Here are a few topics that plan on blogging about over the coming weeks/months. I hope to post at least once a week.

  • The Homeland Security Risk Equation
  • Why Homeland Security Risk Management is Different than Other Types of Risk Management
  • Black Swans and Homeland Security Risk Management
  • Why Some at DHS Don't Like to Do Risk Analysis
  • The Complexities Associated with All-Hazards Risk Assessments
  • Measuring Risk Reduction and Performance Management
Please feel free to leave comments on other topics you would like me to write about.

Introductions

Hello -

I am writing this blog for several reasons.

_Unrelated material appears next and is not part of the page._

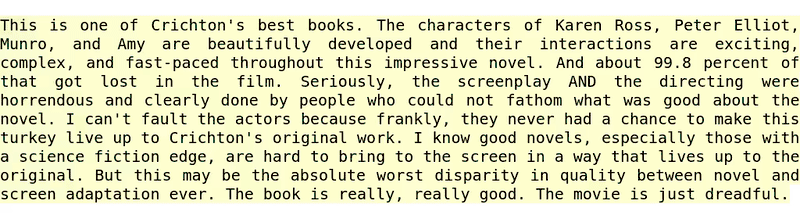 有趣的是,在完成句子和短语之后,系统仍会进行大量更新。 比如说“And about 99.8 percent of that got lost in the film”这个句子,即使“in the film”本身没有表达情感,系统还是在前面的“lost”之后、以及在句子结束后,将情感值向更消极的方向进行了更新。

  1. To clarify and refine some of my thinking by putting pen to paper.
  2. To educate folks unfamiliar with the topic of homeland security risk management (it is still a developing field and not a ton has been written about it).
  3. To (hopefully) engage with other folks interested in this topic via the comments section of this blog.
I am currently an official with the US Department of Homeland Security (DHS) and have held a variety of positions within the Department. For security reasons I will not be discussing specific homeland security risks or the results of any specific risk assessments. Instead, I will focus this blog on methodological discussions associated with homeland security risk analysis and management. This is public information that can be obtained by attending homeland security forums and conferences. I am not blogging on behalf of DHS and these thoughts represent only my own opinions.